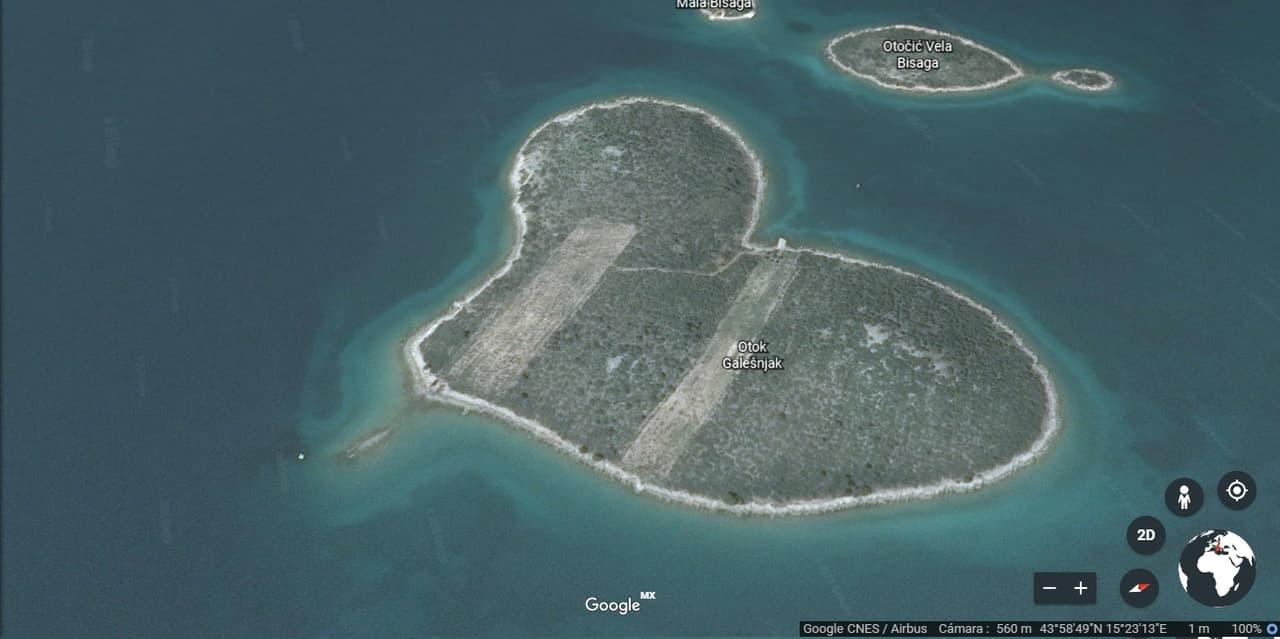 En Google Earth también puede encontrarse esta asombrosa isla en forma de corazón. El lugar recibe el nombre de Galesnjak y pertenece a Croacia.
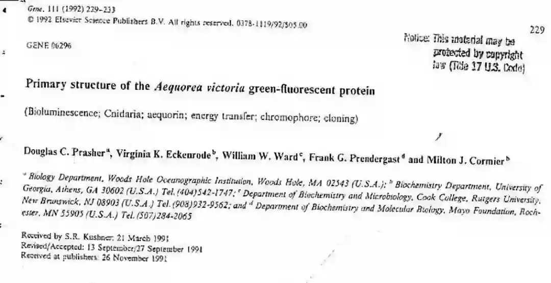 但在Prasher彻底告别GFP之前,他还是把克隆GFP基因的过程和结果写成一篇论文,于1992年发表。
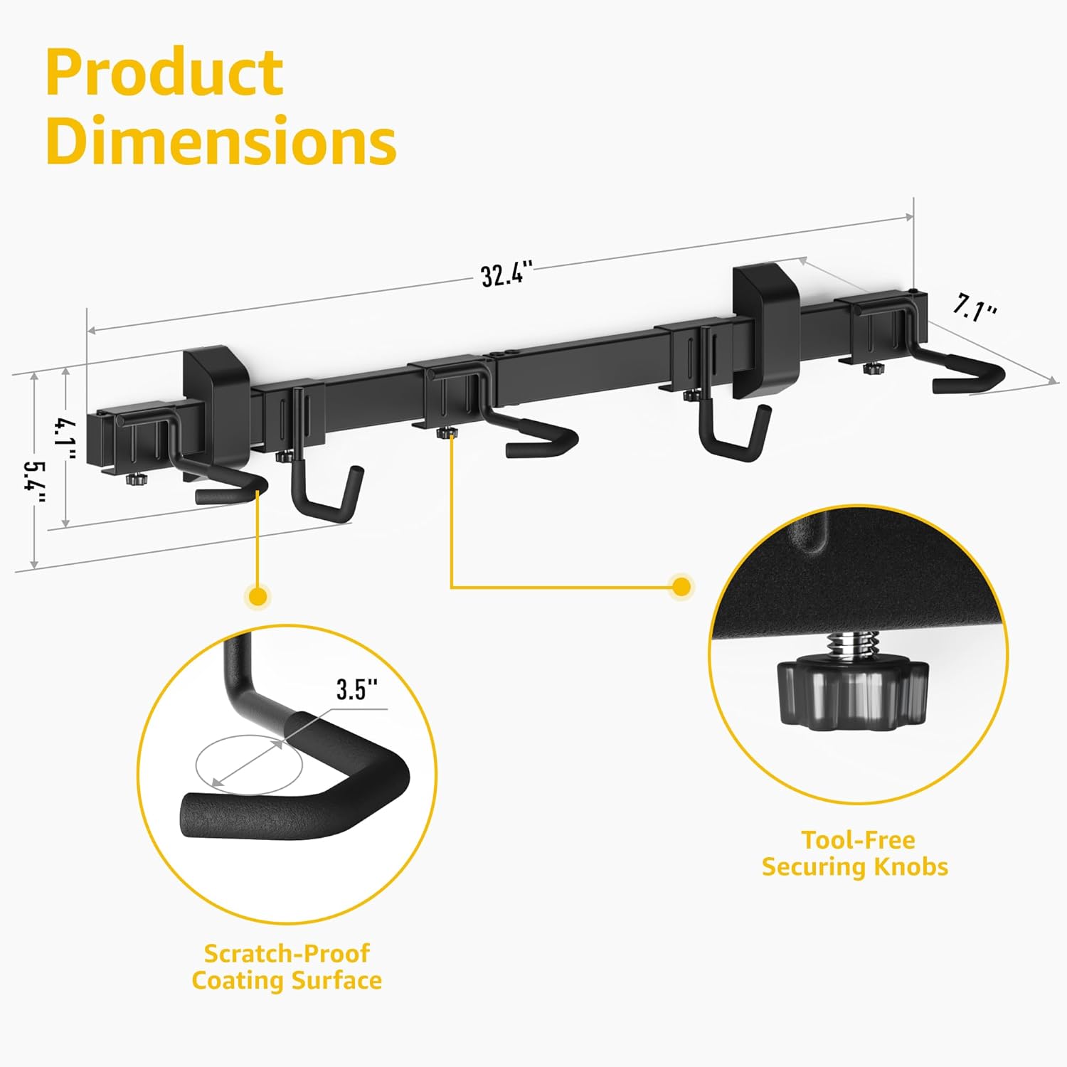 - 【FITS MOST BIKES】Our adjustable bike racks can be repositioned to fit different bicycle sizes as storage needs evolve. It is perfect for any bike with a rim width less than 3.5 inches, and fits most types of bikes: mountain bikes, road bikes, folding bikes, city bikes, off-road bikes, adult bikes and children's bikes. The wide-sized hooks make hanging and dismantling bikes a breeze (not suitable for fat tires over 3.5 inches).
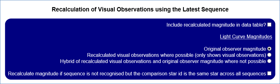 It should be noted that recalculation is only enabled for visual observations. It is not enabled for digital observations made by CCDs and DSLRs as there are other complications which could result in a lower quality derived magnitude.
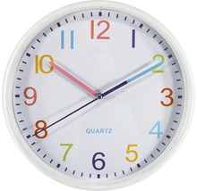 Ceas perete cu cifre colorate și ramă albă Ø 25,5 cm
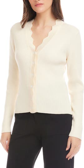 Allover ribbing enhances the close fit of this V-neck cardigan charmed by sweet scalloped trim.
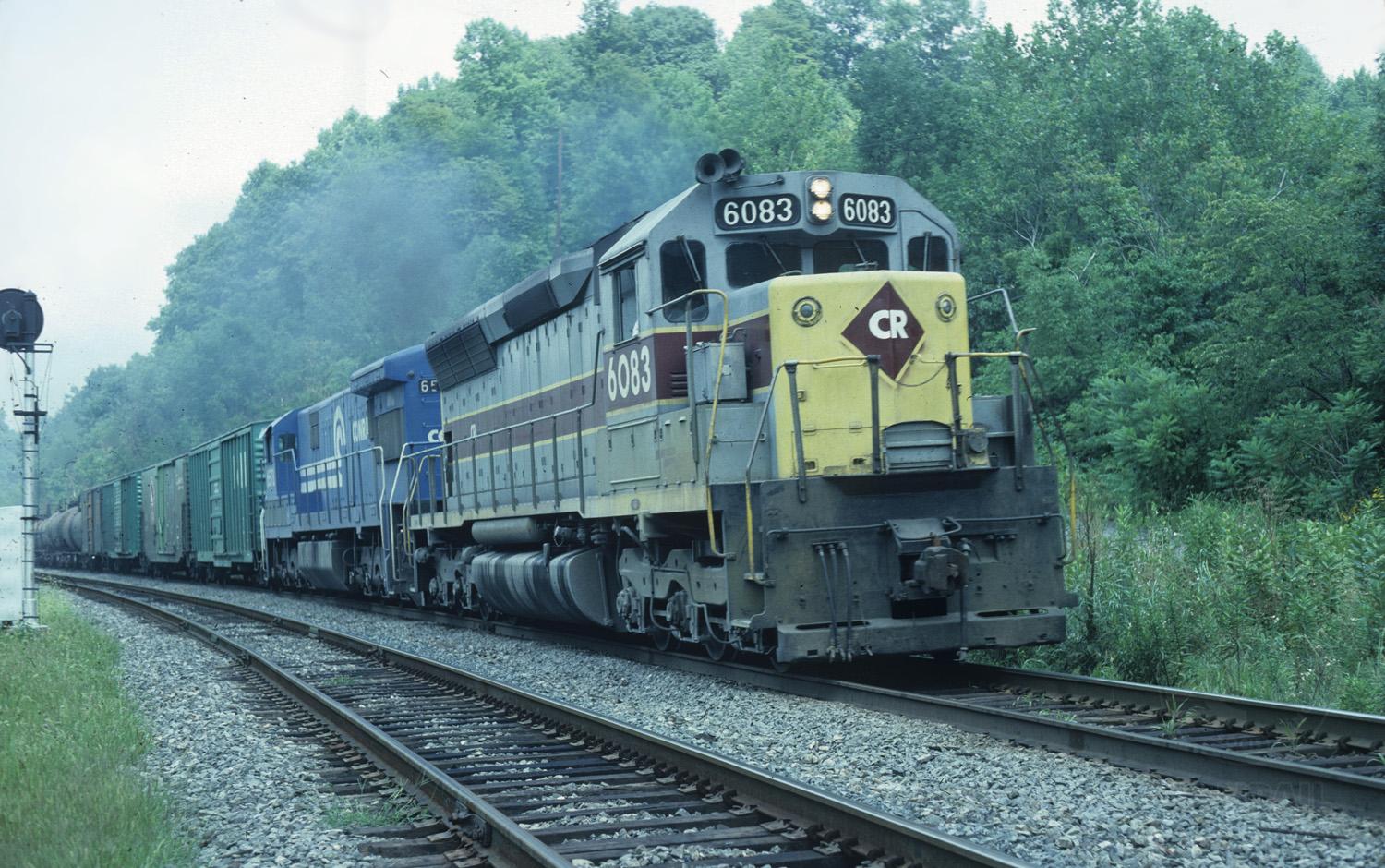 SD45 6083 and U33C 6549 lead JN-5 west on Track 2 @ Steel City, Pa
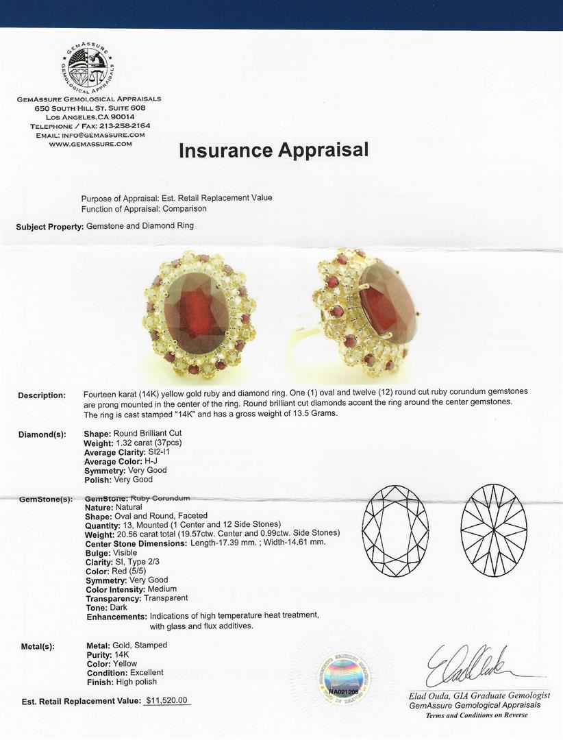 One fourteen karat (14KT) yellow gold ruby and diamond ring. One oval and twelve round cut ruby corundum gemstones are prong mounted in the center of the ring. Round brilliant cut diamonds, average clarity SI2-I1, average color H-J, weighing 1.32 carats, accent the ring around the center gemstone. The ring is cast stamped "14K" and has a gross weight of 13.5 Grams. GGA Appraised at $11,520.00.
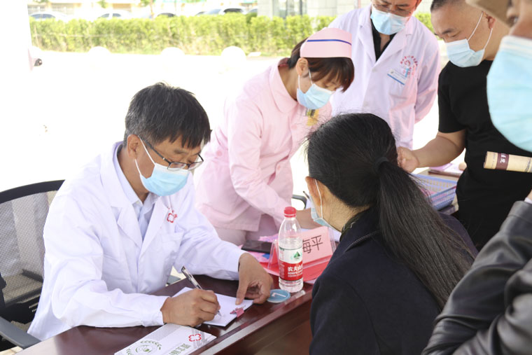 59日,为深入贯彻落实“健康中国”战略,推进“健康河北”行动,为广大女性提供优质的乳腺癌筛查健康服务,在我院、河北省乳腺疾病诊疗中心、河北省抗癌协会乳腺癌专业委员会、河北省农村乳腺癌防控技术培训基地的共同牵头下,我院副院长、河北省抗癌协会副理事长、乳腺癌专业委员会主任委员耿翠芝教授带队乳腺中心李海平教授、齐义新教授、李赛男医生、王昊绮医生,放疗科张钧教授,超声科韩若凌教授、赵娜医生,CT磁共振室杨丽教授,病理科赵萌医生,放射科李亚男医生,于衡水市第二中医医院举行义诊、科普宣传活动及“河北省乳腺癌筛查项目协作单位—河北省乳腺癌筛查培训基地”授牌、揭牌仪式。
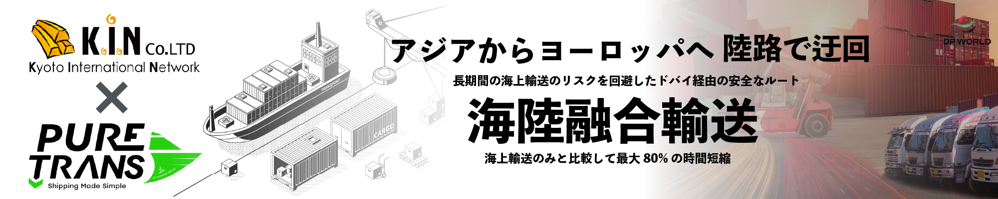 ケーアイエヌは、PURETRANS及びドバイ港と協業し、ドバイ港〜中東地域〜ヨーロッパまでの往復陸海融合輸送サービスを開始しました。これにより、日本を含むアジア〜ヨーロッパ間の新たな輸送が可能になります。昨今の海外輸送の高騰化、輸送期間の長期間化の問題の解決手段として、革命的な、包括的な輸送サービスを提供いたします。 | | 詳しい資料はケーアイエヌの公式ホームページ からダウンロードできます
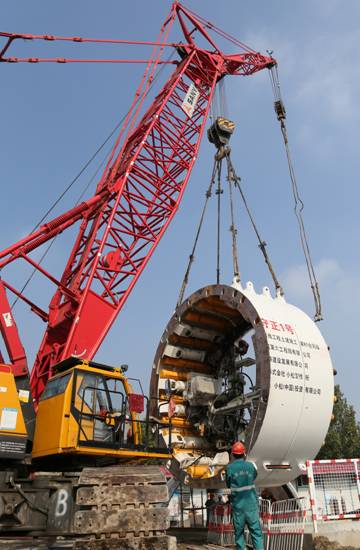 8月13日,中建六局首台盾构机——“守正一号”在天津地铁6号线工程土建施工第R1合同段徐庄子站正式吊装下井。 徐庄子站—金钟河大街站盾构始发井工程长12.5米、宽24.7米、深18.1米。此次吊装采用双机抬吊,SCC2500C型履带吊,徐工QAY160吨汽车吊辅助溜尾。吊装过程安全、顺利、稳定。 据悉,“守正一号”盾构机将于8月底组装、调试完成,预计9月初始发,并将担任天津地铁6号线徐庄子站至金钟河大街区间右线的隧道施工,隧道总长度为2174.8米。(张乾)

■ Exercise objective
From the first line above to the last, copy the records exactly but omit the pictures.

■ Result
 En Google Earth también puede encontrarse esta asombrosa isla en forma de corazón. El lugar recibe el nombre de Galesnjak y pertenece a Croacia.
 但在Prasher彻底告别GFP之前,他还是把克隆GFP基因的过程和结果写成一篇论文,于1992年发表。
 - 【FITS MOST BIKES】Our adjustable bike racks can be repositioned to fit different bicycle sizes as storage needs evolve. It is perfect for any bike with a rim width less than 3.5 inches, and fits most types of bikes: mountain bikes, road bikes, folding bikes, city bikes, off-road bikes, adult bikes and children's bikes. The wide-sized hooks make hanging and dismantling bikes a breeze (not suitable for fat tires over 3.5 inches).
 It should be noted that recalculation is only enabled for visual observations. It is not enabled for digital observations made by CCDs and DSLRs as there are other complications which could result in a lower quality derived magnitude.
 Ceas perete cu cifre colorate și ramă albă Ø 25,5 cm
 Allover ribbing enhances the close fit of this V-neck cardigan charmed by sweet scalloped trim.
 SD45 6083 and U33C 6549 lead JN-5 west on Track 2 @ Steel City, Pa
 One fourteen karat (14KT) yellow gold ruby and diamond ring. One oval and twelve round cut ruby corundum gemstones are prong mounted in the center of the ring. Round brilliant cut diamonds, average clarity SI2-I1, average color H-J, weighing 1.32 carats, accent the ring around the center gemstone. The ring is cast stamped "14K" and has a gross weight of 13.5 Grams. GGA Appraised at $11,520.00.
 59日,为深入贯彻落实“健康中国”战略,推进“健康河北”行动,为广大女性提供优质的乳腺癌筛查健康服务,在我院、河北省乳腺疾病诊疗中心、河北省抗癌协会乳腺癌专业委员会、河北省农村乳腺癌防控技术培训基地的共同牵头下,我院副院长、河北省抗癌协会副理事长、乳腺癌专业委员会主任委员耿翠芝教授带队乳腺中心李海平教授、齐义新教授、李赛男医生、王昊绮医生,放疗科张钧教授,超声科韩若凌教授、赵娜医生,CT磁共振室杨丽教授,病理科赵萌医生,放射科李亚男医生,于衡水市第二中医医院举行义诊、科普宣传活动及“河北省乳腺癌筛查项目协作单位—河北省乳腺癌筛查培训基地”授牌、揭牌仪式。
 ケーアイエヌは、PURETRANS及びドバイ港と協業し、ドバイ港〜中東地域〜ヨーロッパまでの往復陸海融合輸送サービスを開始しました。これにより、日本を含むアジア〜ヨーロッパ間の新たな輸送が可能になります。昨今の海外輸送の高騰化、輸送期間の長期間化の問題の解決手段として、革命的な、包括的な輸送サービスを提供いたします。 | | 詳しい資料はケーアイエヌの公式ホームページ からダウンロードできます
 8月13日,中建六局首台盾构机——“守正一号”在天津地铁6号线工程土建施工第R1合同段徐庄子站正式吊装下井。 徐庄子站—金钟河大街站盾构始发井工程长12.5米、宽24.7米、深18.1米。此次吊装采用双机抬吊,SCC2500C型履带吊,徐工QAY160吨汽车吊辅助溜尾。吊装过程安全、顺利、稳定。 据悉,“守正一号”盾构机将于8月底组装、调试完成,预计9月初始发,并将担任天津地铁6号线徐庄子站至金钟河大街区间右线的隧道施工,隧道总长度为2174.8米。(张乾)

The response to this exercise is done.